What does this mean? For any vector Vector a find Vector a × Vector a. Explain why (this is cross product stuff). Thanks
Any Vector A cross-producted with itself is zero, because the sine of the angle between the two vectors is zero.
Check my thinking.
Ah, the cross product! It's like the peanut butter to the jelly of vector operations. So, when you have a vector a and you want to find a × a, it's like asking for the square dance of the same partner.
Now, brace yourself for some math fun! When you take the cross product of a vector with itself, you get another vector that's always perpendicular to the original one. It's like turning left and ending up facing forward. So, in this case, Vector a × Vector a will always result in a vector that's orthogonal to Vector a.
But guess what? There's a little more to it. Since Vector a is parallel to itself, the angle between the two is zero. And the sine of zero is zero, my friend! That means the magnitude of Vector a × Vector a is zero. So, the result is a vector that's perpendicular to Vector a, but it doesn't really go anywhere – it's just hanging out at the zero vector party.
Long story short, Vector a × Vector a = the zero vector, and all the vectors are perpendicular and having a blast!
The expression "a × a" represents the cross product of vector a with itself. In order to find a × a, we can follow these steps:
1. Write down the components of vector a. Let's assume vector a has components (a₁, a₂, a₃).
2. Formulate the cross product equation using the determinant notation:
a × a = | i j k |
| a₁ a₂ a₃ |
| a₁ a₂ a₃ |
3. Apply the determinant formula to evaluate the cross product:
a × a = (a₂ * a₃ - a₃ * a₂)i - (a₁ * a₃ - a₃ * a₁)j + (a₁ * a₂ - a₂ * a₁)k
Simplifying further, we get:
a × a = 0i + 0j + 0k
4. The result of a × a is the zero vector [0, 0, 0].

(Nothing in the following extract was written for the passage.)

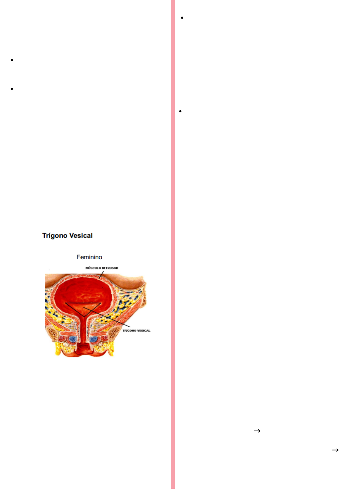 A uretra conduz a urina e continência (transportar e controlar a passagem de urina). Formado por fibras musculares lisas involuntárias (músculo esfincter interno uretral), mucosa, submucosa, vasos sanguíneos, tecido conjuntivo que conferem a coaptação uretral (responsável pela continência passiva). A falta de estrogênio leva a atrofia e substituição e substituição do suprimento vascular por tecido fibroso. Sistema urinário superior: • Rins • Ureteres Sistema urinário inferior: • Bexiga • Uretra Responsável pela produção e transporte da urina. Responsável pelo armazenamento da urina na bexiga e sua eliminação através da uretra para o meio externo durante a micção. A bexiga é formada por fibras musculares lisas involuntárias (músculo detrusor) Possui a função de reservatório de urina e proporciona a contração eficaz para promover seu esvaziamento durante a micção. Trígono vesical: Área compreendida entre o colo vesical e a inserção dos 2 ureteres (triângulo invertido) Ângulo uretrovesial (JUV): Formato entre a uretra e colo vesical. Anatomia do sistema urinário O músculo esfíncter externo uretral é responsável pela CONTINÊNCIA ATIVA, predominantemente composto por fibras do tipo I (contração lenta, adaptadas para manter o tônus muscular por tempo prolongado) e fibras estriadas do tipo II (Contração rápida, gera grande tensão em curto período). A insuficiência da uretra gera a incontinência urinária e infecções. Assoalho pélvico: Composto pelo diafragma pélvico (elevador do ânus - nervo pudendo) e urogenital, sustenta as vísceras e proporciona ação esfincteriana para a uretra, vagina e reto, permite a passagem do feto. Diafragma pélvico: As fibras são 70% do fibras tipo I: metabolismo aeróbico, contração lenta, resistentes à fadiga Produzem uma contração de menor intensidade, porém de maior duração (sustentação); Os outros 30% são fibras tipo II: metabolismo anaeróbico, contração rápida, mais fadigáveis Produzem uma contração de maior intensidade, porém de menor duração. Diafragma urogenital: Composto pelo esfincter externo uretral, bulboesponjoso, isquiocavernoso e transverso superficial e profundo do períneo Enchimento: Inicia-se após cada micção e se dá pela combinação do relaxamento da musculatura lisa da bexiga, aumento do tônus e resistência da musculatura lisa do esfíncter interno uretral (musculatura lisa) e do esfíncter externo uretral (musculatura estriada). PORTANTO: A fase de enchimento é de predomínio de estimulação simpática (n. hipogástrico) e de inibição parassimpática (n. pélvico). Sistema urinário O enchimento vesical envia impulsos pelo nervo pélvico que vão até o córtex cerebral e centro pontino da micção → que responde com estímulos inibitórios aos nervos parassimpáticos para o relaxamento vesical → ao mesmo tempo, são enviados estímulos excitatórios para os nervos simpáticos que estimulam os receptores Esvaziamento: Quando o córtex decide que é momento de iniciar a micção e a pessoa encontrou o local adequado, ocorre o esvaziamento vesical pela contração coordenada e sustentada do detrusor associada ao relaxamento dos esfíncteres uretrais interno e externo. PORTANTO: A fase de esvaziamento é de predomínio de estimulação parassimpática e de inibição simpática. Há interrupção dos estímulos inibitórios parassimpáticos, ou seja, liberam-se os estímulos excitatórios para a contração do detrusor → Ao mesmo tempo, são enviados estímulos inibitórios para os nervos simpáticos, inibindo os receptores alfa adrenérgicos do colo vesical e uretra proximal (relaxando e diminuindo o tônus uretral), além de inibição do nervo pudendo (relaxando o esfíncter uretral externo e assoalho pélvico). alfa adrenérgicos presentes no colo vesical e uretra proximal (aumentando o tônus uretral) e os receptores beta adrenérgicos presentes na bexiga (relaxando o detrusor), há também envio de estímulos excitatórios para o nervo pudendo com consequente aumento da pressão intra- uretra.

Now, let's explain why the result is zero. In the cross product of a vector with itself, the resulting vector is always a zero vector. This can be understood by examining the properties of the cross product. The cross product of two vectors is perpendicular to both vectors. Since vector a is the same as vector a, the angle between them is zero. In turn, the sine of zero degrees is zero, which means that the magnitude of the cross product is zero. Therefore, the resulting vector is the zero vector [0, 0, 0].
The expression "Vector a × Vector a" represents the cross product of Vector a with itself. In order to find Vector a × Vector a, we first need to understand what a cross product is.
The cross product is an operation that takes two vectors and produces a new vector that is orthogonal (perpendicular) to both of the original vectors. The magnitude of the cross product vector is given by the product of the magnitudes of the original vectors multiplied by the sine of the angle between them. The direction of the cross product vector is determined by the right-hand rule.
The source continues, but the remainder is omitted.